I truly believe that life reflects back to us what our internal identity is. If we are having problems with some area of life it is because we have fears and insecurities in that area of our own identity. If we have problems with sex it is because we have insecurities about sex. Life does not create obstacles for us. We create fears and insecurities for ourselves and then life reflects them to us through external events.

This whole game that we call life is really just one big exercise in personal growth. Spirit enters into the world in human form in order to meet itself face to face. Each of us projects to the world what our own personal identity is and the world reflects it back to us. If our identity contains some element of fear about our own attractiveness and ability as a lover then the world with faithfully capture that for us in sexual difficulties.

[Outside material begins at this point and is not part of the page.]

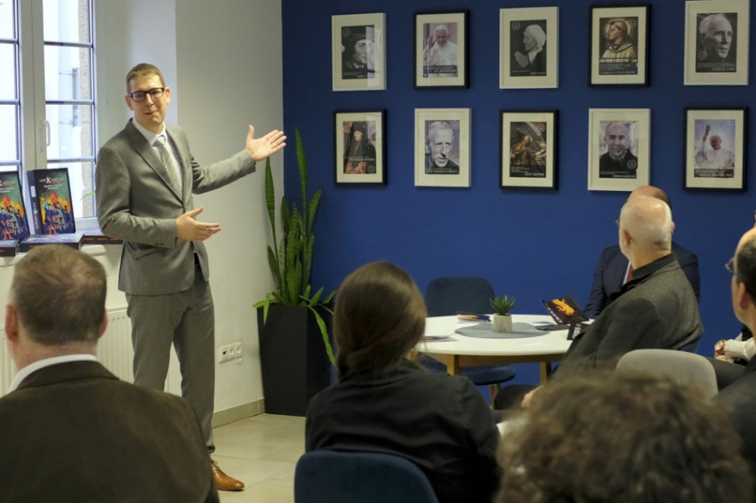 „Mind a négy tér megújítása a hallgatóknak köszönhető, hallgatói ötletekből, hallgatói gondolatokból állnak össze ezek a terek. Itt vagyunk például a Teológus Kávéházban, aminek az ötlete egy hallgatótól származik, beszélgetések, viták, egyéb programok számára. Ami a különlegessége ennek a térnek, hogy a falon nem családi képek, hanem nagy teológusok portréi láthatók. Úgy gondolom, hogy aki belép ebbe a térbe, picit úgy érezheti magát, mintha ő maga is teológus lenne, és bízom benne, hogy leveszi a polcról egy nagy teológus művét, vagy talán később maga is a teológia tanulására adja a fejét. Aztán itt van a szabadulószoba, amit azért alkottunk meg, hogy azoknak is hozzáférhetővé tegyük a teológiát, akik talán kevésbé járatosak benne, akik nem hallgattak még teológiát, de szívesen foglalkoznának vele. A szabadulás élményét élhetik át az Exodus szabadulószobán keresztül. A kápolna, a Szent Pál-imaterem, ami a főiskola csúcsán, a legfelsőbb szinten található, az a hely, ahol hallgatóink rendszeresen összegyűlnek. Délben imádkoznak, énekelnek, Szentírást olvasnak. Én úgy gondoltam, hogy megfelelő környezetet, megfelelő teret kell létrehozni, hogy ott találkozhassanak minden délben, és ezt szerencsére meg is tudtuk valósítani” – fogalmazott az intézmény vezetője.

If we have fear about being unlovable then we will have relationship problems that reflect that fear.

Because we do not understand this, we all struggle to try and make the world match our ideas of what it should be. We try to force our spouse to be sexual so that we will not have to face our own fears and insecurities in this area. It does not work. The purpose of the universe is to reflect the true nature of spirit in any moment. It will not bend to an idea. It will only reflect your true nature in a particular moment. The more fearful we are about sex and marriage, the more life will resist us in this area. That is how the game of life works. You are required to face resistance in the outside world until such time as you make peace with the aspect of yourself that is creating it. Then the problems start to go away. It is not because you found the magic formula to seduce your spouse. It is because you stopped struggling with them and did the internal work to let go of your fears around your spouse and your marriage. You created a new identity that is not fearful about sex and marriage, and thus the universe reflects a new reality back to you. It rebuilds itself around the new identity that you created.
Sometimes the rebuilding happens within the marriage. Your spouse is ready to grow with you and you go up together.
Sometimes the marriage falls away because you have grown to a new level of understanding and your spouse is not ready to go up with you. The relationship has served its purpose and now it goes away so that a new relationship that reflects your new identity can be created.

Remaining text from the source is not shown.